BEGIN Available data
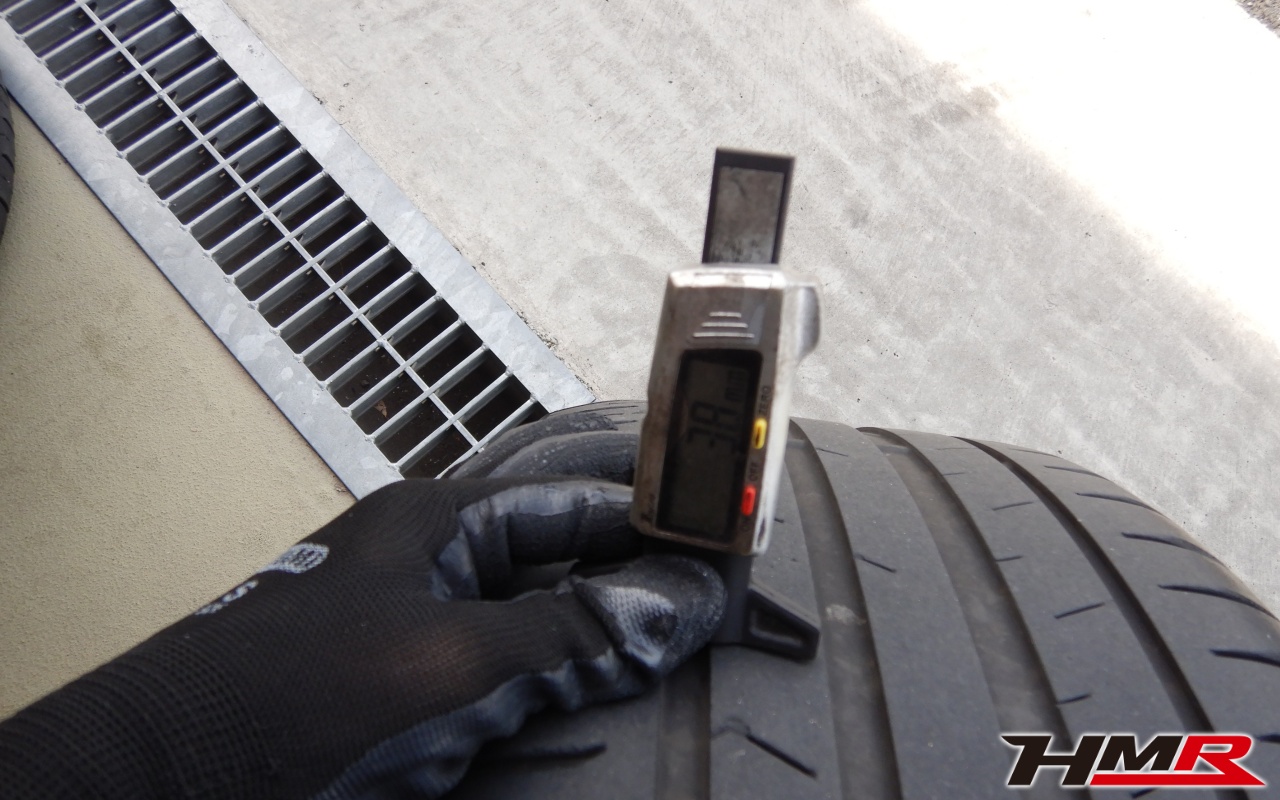 タイヤは2019年製TOYOのPROXES SPORTでサイズは前後255/35R18となっております。タイヤ溝の残量はおおよそフロント2.3mm・リア3.6mmでした。タイヤ溝も少なくなりヒビも見られますのでお早めの交換をおすすめします。
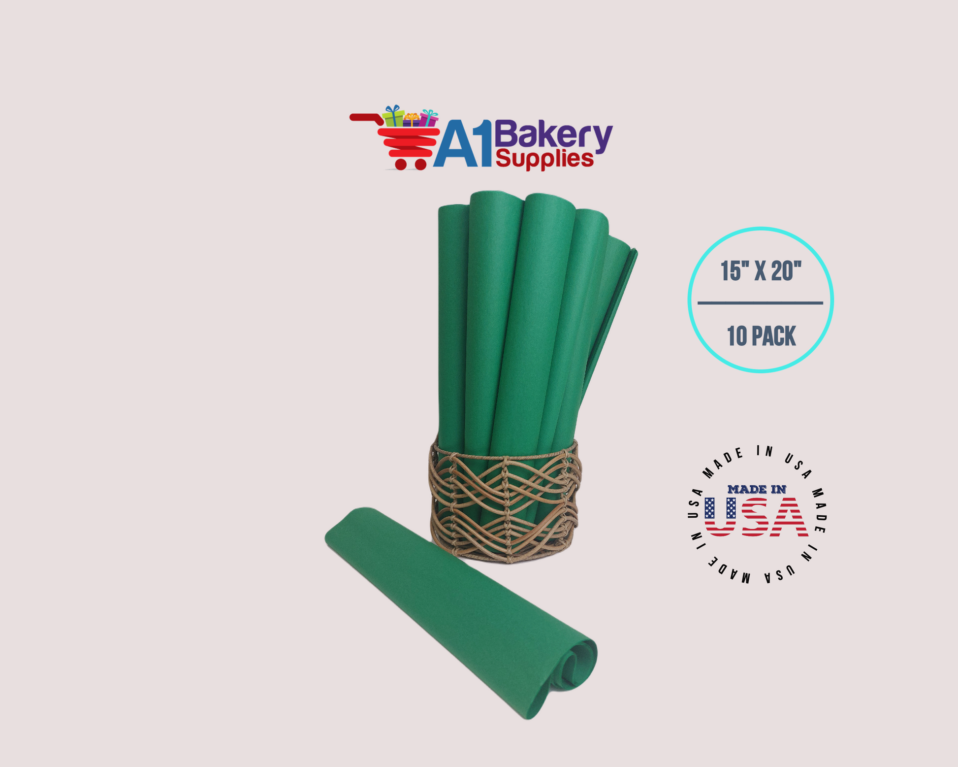 Festive Gren Tissue Paper Squares, Bulk 10 Sheets, Premium Gift Wrap and Art Supplies for Birthdays, Holidays, or Presents by A1BakerySupplies, Large 15 Inch x 20 Inch
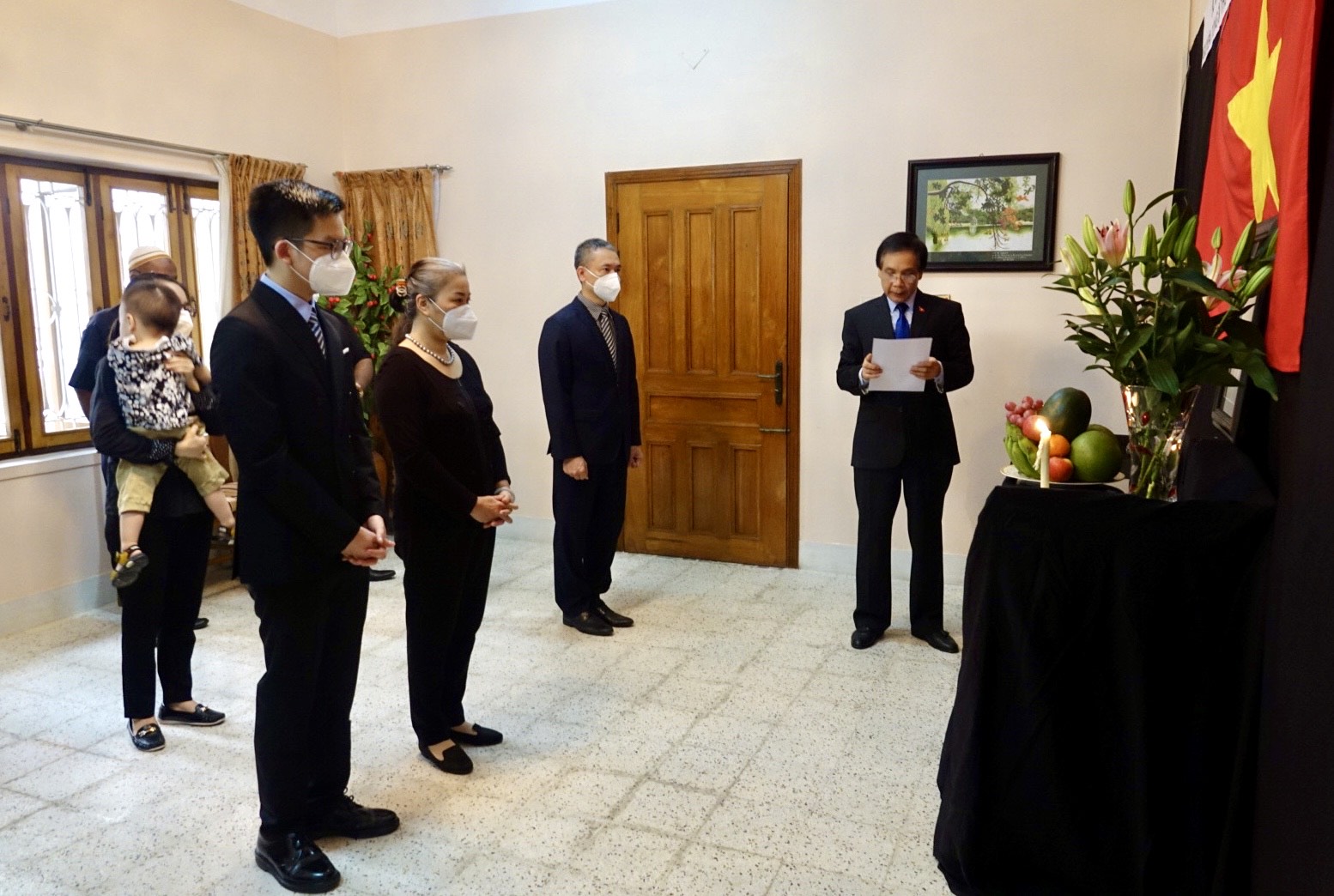 Cán bộ, nhân viên Đại sứ quán dành một phút mặc niệm tưởng nhớ nguyên Tổng Bí thư Lê Khả Phiêu. |
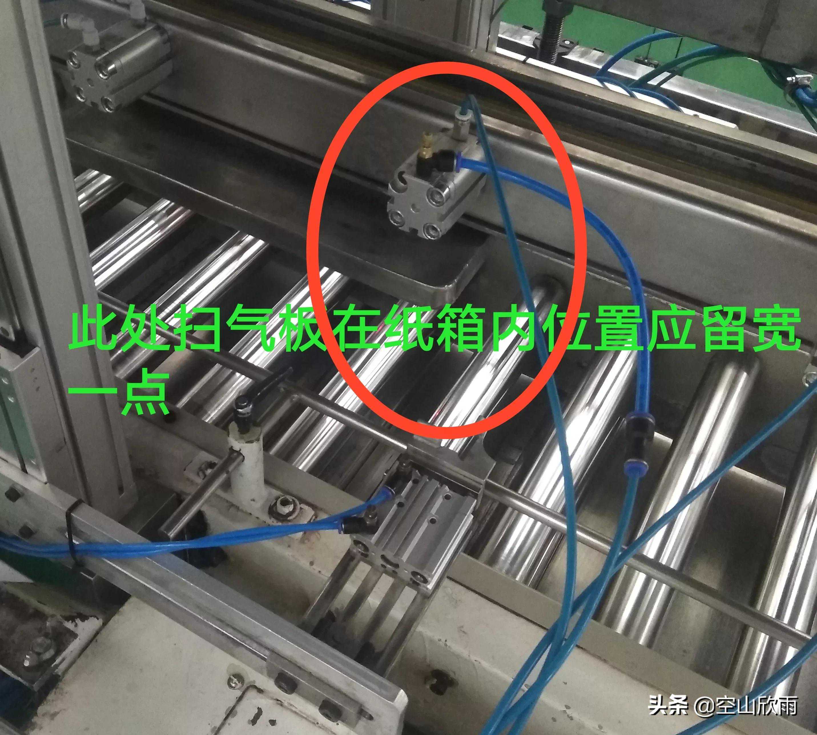 扫气板旁有小气缸的一边,扫气板在纸箱内的位置尽量留宽一点,以免正常生产过程中,扫气支架下降,气缸压坏纸箱。
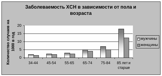 Заболеваемость сердечной недостаточностью повышается с возрастом как у мужчин, так и у женщин (рис 12), хотя до 70 – 75 лет в каждой возрастной группе женщин-пациенток достоверно меньше (McMurray, 1993). В России наибольший процент заболеваемости приходится на возраст 60-70 лет, как у мужчин, так и у женщин. В более старших возрастных группах (более 69 лет) существенно преобладают женщины (Терещенко С.Н. и соавт., 2004).
END Available data
Output the records above as they stand, from the first line to the line with "Festive Gren Tissue", inclusive, and exclude the pictures.

**Exercise output**
 タイヤは2019年製TOYOのPROXES SPORTでサイズは前後255/35R18となっております。タイヤ溝の残量はおおよそフロント2.3mm・リア3.6mmでした。タイヤ溝も少なくなりヒビも見られますのでお早めの交換をおすすめします。
 Festive Gren Tissue Paper Squares, Bulk 10 Sheets, Premium Gift Wrap and Art Supplies for Birthdays, Holidays, or Presents by A1BakerySupplies, Large 15 Inch x 20 Inch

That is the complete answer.